■ Task requirements
Keep the images out and set the listing below down word for word.

■ Data to process

--

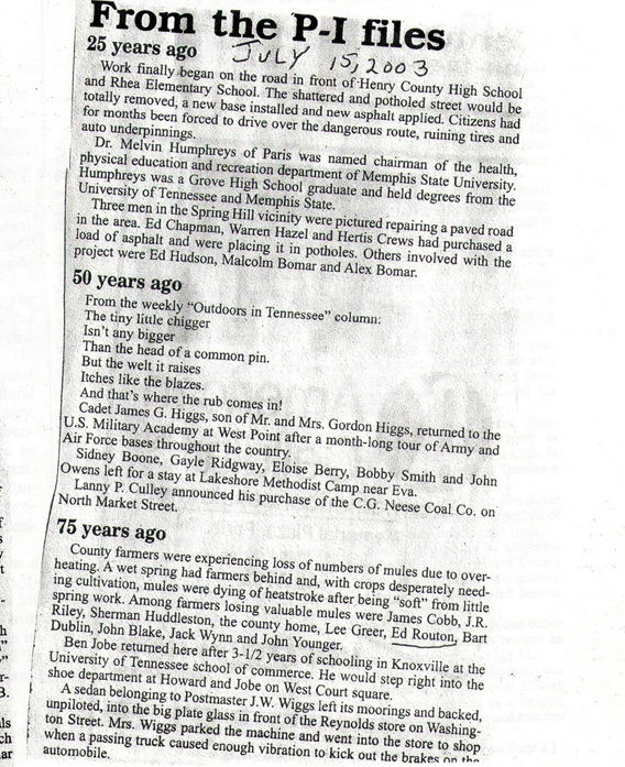 appeared and told of Mrs. Routon’s kindness toward him during the depression of the 1930’s. After teaching the lad how to read and write, she footed the bill for his wedding in 1935 (he was 17) then cared for his wife during the birth of a child.
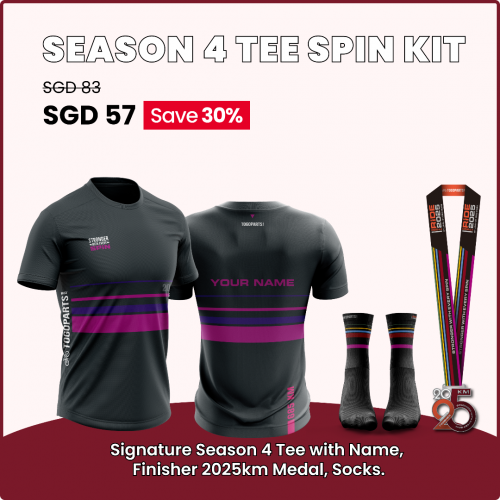 Please note that this tee does not come with customised names. To add your name to the tee, you can consider purchasing the Season Tee Spin Kit or add SGD 8 for customisation, and your name will be added to all Jerseys and Seasonal Tees (Seasons 1-4) bought this year.
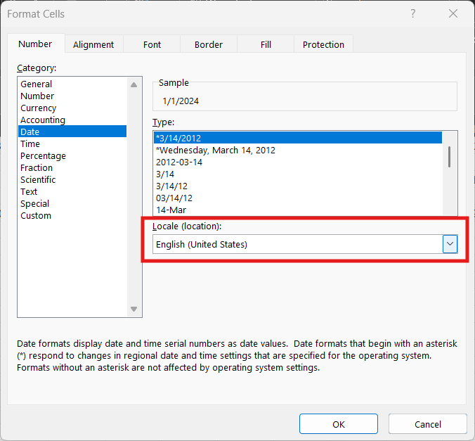 - The dates must also be formatted as "Date" within the Excel Sheet with the Locale as "English (United States)"
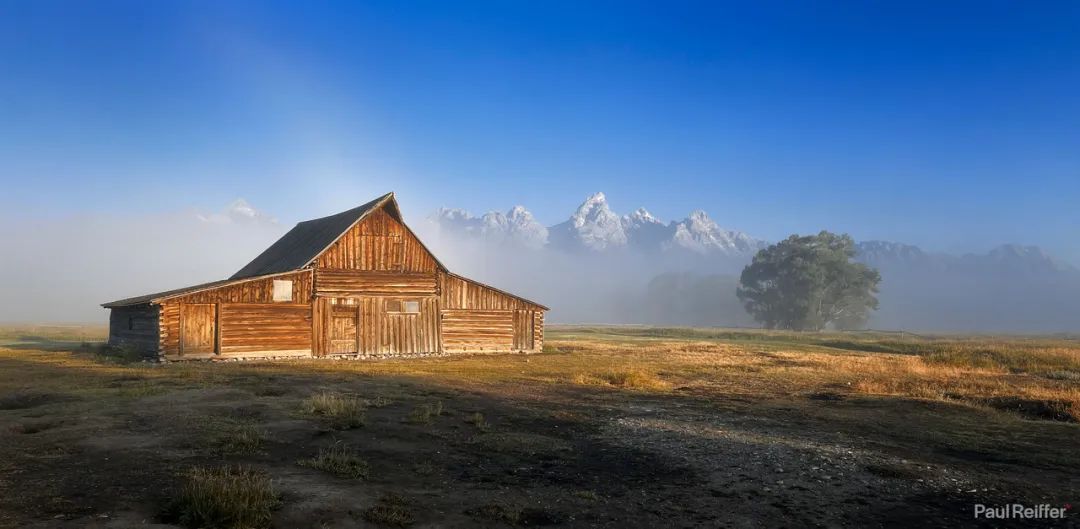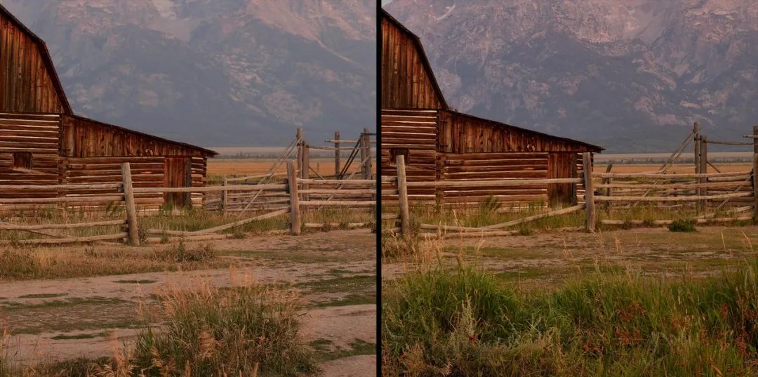另一边,右侧图像的效果,和John Moulton Homestead效果一样,从前景到背景画面都是完全清晰,光圈相同,几乎没有衍射,但它是通过将镜头向下俯仰朝向大地。
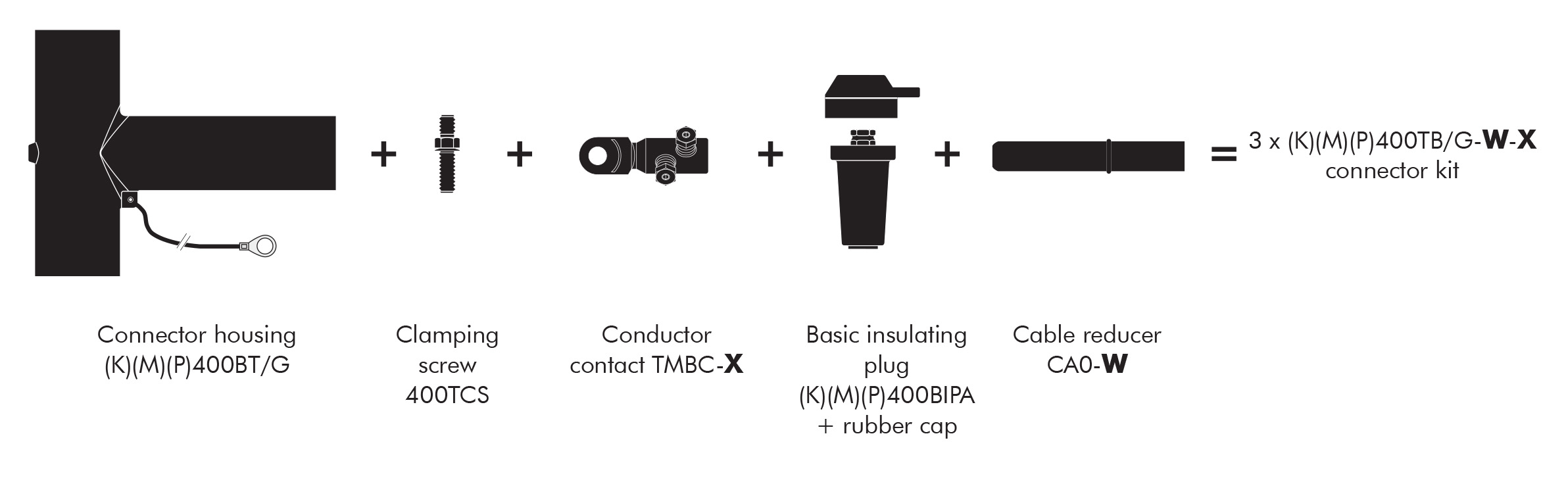 - (K) / (M) / (P) correspond respectively to connectors compatible for 24 kV / 36 kV / 42 kV voltages.
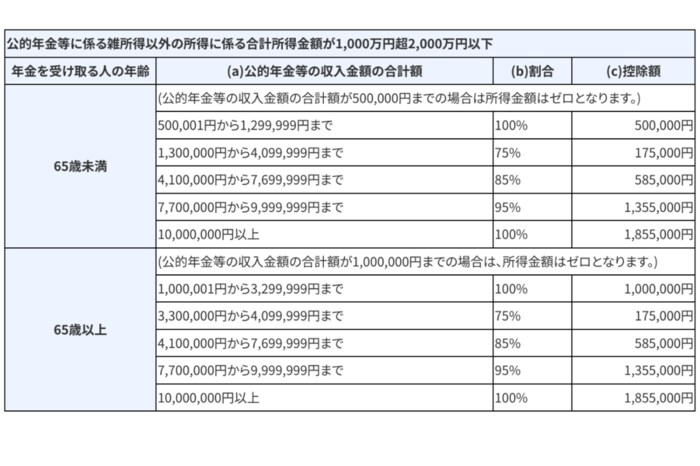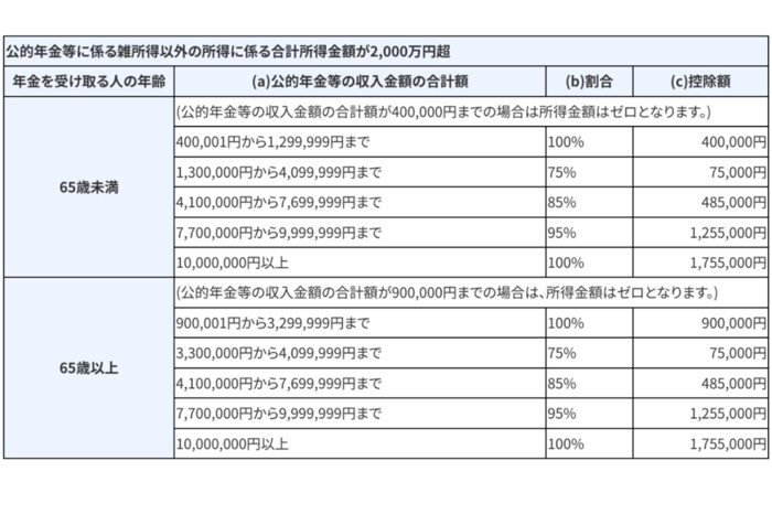 年金方式で受け取る時は「公的年金等控除」の対象となり、年齢及び年金額に応じた額が所得から控除されます。
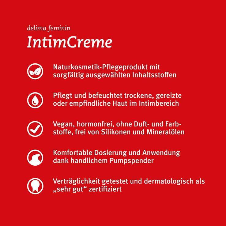 Delima feminin Intim Creme spendet Feuchtigkeit bei Intimtrockenheit und pflegt und schützt die sensible Intimhaut. Die Creme hinterlässt ein langanhaltend gutes Gefühl auf der Haut im Intimbereich. Sie enthält Granatapfelkernextrakt, Hyaluronsäure, Aloe Vera Saft, Traubenkernöl und weitere wertvolle Inhaltsstoffe.
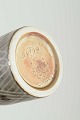 Cylindrisk formet vase i drejet stentøj med brunlig glasur og indridset geometrisk mønster i hvid dekoration.
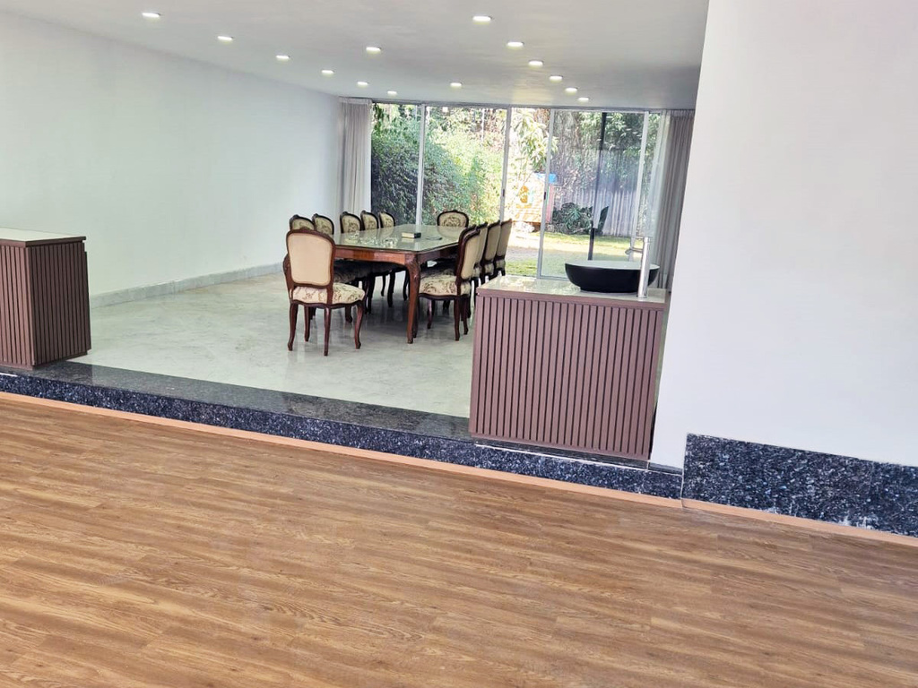 Excelente casa con una distribución muy cómoda entre áreas sociales, privadas y de servicio. Cuenta con sala, comedor, family room, antecomedor, oficina, baño de visitas y una cocina completamente nueva. Todo con salida o vista hacia un amplio jardín, ideal para disfrutar en familia o con invitados.
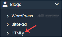 4. On the left side, locate the Blogs category. Click on it and then on the HTMLy link that appears.
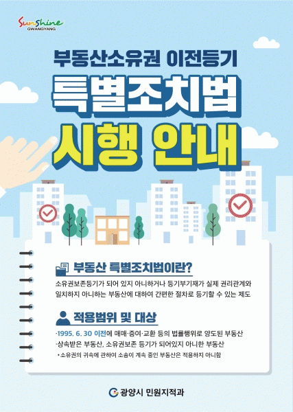 [¹Ìµð¾îÀü³² ÀÓ¼º¿Ï ±âÀÚ] ±¤¾ç½Ã´Â Áö³ÇØ¿¡ ÀÌ¾î ¿ÃÇØµµ ¡®ºÎµ¿»ê¼ÒÀ¯±Ç ÀÌÀüµî±â µî¿¡ °üÇÑ Æ¯º°Á¶Ä¡¹ý¡¯ ÃßÁø¿¡ ¹ÚÂ÷¸¦ °¡Çϰí ÀÖ´Ù. ½Ã´Â ÇöÀç±îÁö ÅäÁö 234ÇÊÁö¸¦ Á¢¼öÇØ 132ÇÊÁö¿¡ °üÇÑ È®Àμ ¹ß±Þ °ø°í µî ¹Î¿øÃ³¸®¸¦ ¿Ï·áÇß´Ù¡¦

--

■ Your response
 appeared and told of Mrs. Routon’s kindness toward him during the depression of the 1930’s. After teaching the lad how to read and write, she footed the bill for his wedding in 1935 (he was 17) then cared for his wife during the birth of a child.
 Please note that this tee does not come with customised names. To add your name to the tee, you can consider purchasing the Season Tee Spin Kit or add SGD 8 for customisation, and your name will be added to all Jerseys and Seasonal Tees (Seasons 1-4) bought this year.
 - The dates must also be formatted as "Date" within the Excel Sheet with the Locale as "English (United States)"
另一边,右侧图像的效果,和John Moulton Homestead效果一样,从前景到背景画面都是完全清晰,光圈相同,几乎没有衍射,但它是通过将镜头向下俯仰朝向大地。
 - (K) / (M) / (P) correspond respectively to connectors compatible for 24 kV / 36 kV / 42 kV voltages.
 年金方式で受け取る時は「公的年金等控除」の対象となり、年齢及び年金額に応じた額が所得から控除されます。
 Delima feminin Intim Creme spendet Feuchtigkeit bei Intimtrockenheit und pflegt und schützt die sensible Intimhaut. Die Creme hinterlässt ein langanhaltend gutes Gefühl auf der Haut im Intimbereich. Sie enthält Granatapfelkernextrakt, Hyaluronsäure, Aloe Vera Saft, Traubenkernöl und weitere wertvolle Inhaltsstoffe.
 Cylindrisk formet vase i drejet stentøj med brunlig glasur og indridset geometrisk mønster i hvid dekoration.
 Excelente casa con una distribución muy cómoda entre áreas sociales, privadas y de servicio. Cuenta con sala, comedor, family room, antecomedor, oficina, baño de visitas y una cocina completamente nueva. Todo con salida o vista hacia un amplio jardín, ideal para disfrutar en familia o con invitados.
 4. On the left side, locate the Blogs category. Click on it and then on the HTMLy link that appears.
 [¹Ìµð¾îÀü³² ÀÓ¼º¿Ï ±âÀÚ] ±¤¾ç½Ã´Â Áö³ÇØ¿¡ ÀÌ¾î ¿ÃÇØµµ ¡®ºÎµ¿»ê¼ÒÀ¯±Ç ÀÌÀüµî±â µî¿¡ °üÇÑ Æ¯º°Á¶Ä¡¹ý¡¯ ÃßÁø¿¡ ¹ÚÂ÷¸¦ °¡Çϰí ÀÖ´Ù. ½Ã´Â ÇöÀç±îÁö ÅäÁö 234ÇÊÁö¸¦ Á¢¼öÇØ 132ÇÊÁö¿¡ °üÇÑ È®Àμ ¹ß±Þ °ø°í µî ¹Î¿øÃ³¸®¸¦ ¿Ï·áÇß´Ù¡¦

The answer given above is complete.